DECLARE @ForecastResults TABLE (Id INT IDENTITY(1,1),

                                                   Value NUMERIC(28,2),

                                                   Lo80 NUMERIC(28,2),

                                                   Hi80 NUMERIC(28,2),

                                                   Lo95 NUMERIC(28,2),

                                                  Hi95 NUMERIC(28,2))

 

DECLARE @FinalResults TABLE (Id INT IDENTITY(1,1),

                                            ResultType VARCHAR(10),

                                            YearDate INT,

                                            MonthDate INT,

                                            Value NUMERIC(28,2),

                                            Lo80 NUMERIC(28,2),

                                            Hi80 NUMERIC(28,2),

                                            Lo95 NUMERIC(28,2),

                                            Hi95 NUMERIC(28,2))

 

 

— insert the actual sales values

INSERT INTO @FinalResults (ResultType,

                                            YearDate,

                                            MonthDate,

                                            Value)

SELECT       ‘Actual’

             ,YEAR(OrderDate)   as  YearDate

             ,MONTH(OrderDate)  as      MonthDate

             ,SUM(SalesAmount)  as    Value

FROM [dbo].[FactInternetSales]

GROUP BY MONTH(OrderDate), YEAR(OrderDate)

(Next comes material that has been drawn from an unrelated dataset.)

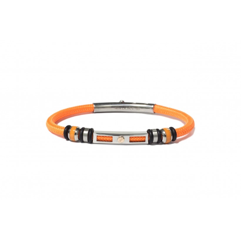 Bracelet NAUTICO, acier grris, vis or rose, corde orange

ORDER BY YearDate ASC, MonthDate ASC

                                     

— insert the forecast sales values

INSERT INTO @ForecastResults

EXECUTE dbo.spForecastSalesPreparation

 

DECLARE @MaxId INT,

             @LastDate DATE;

 

SET @MaxId = (SELECT MAX(Id) FROM @FinalResults)

 

SELECT @LastDate = DATEFROMPARTS(YearDate, MonthDate, 1)

FROM @FinalResults

WHERE Id = @MaxId

 

INSERT INTO @FinalResults (ResultType,

                                         YearDate,

                                         MonthDate,

                                         Value,

                                         Lo80,

                                         Hi80,

                                         Lo95,

                                         Hi95)

SELECT ‘Forecast’,

         YearDate = DATEPART(year, DATEADD(month, Id, @LastDate)),

         MonthDate = DATEPART(Month, DATEADD(month, Id, @LastDate)),

         Value,

         Lo80,

         Hi80,

         Lo95,

         Hi95

FROM @ForecastResults

ORDER BY Id ASC

 

SELECT  Id,

             ResultType,

             DATEFROMPARTs(YearDate, MonthDate, 1) AS YearDate2,

             Value,

             Lo80,

             Hi80,

             Lo95,

             Hi95

FROM @FinalResults

 

END;

 

Following the normal steps of creating a report in SSRS using a stored procedure as a dataset your graph might look something like this:

So, we’ve shown two similar yet different approaches to forecasting using the ARIMA method and utilising R and SQL. Hopefully this demonstrates how quick and easy it is to establish a rudimentary forecasting practice wherever you are.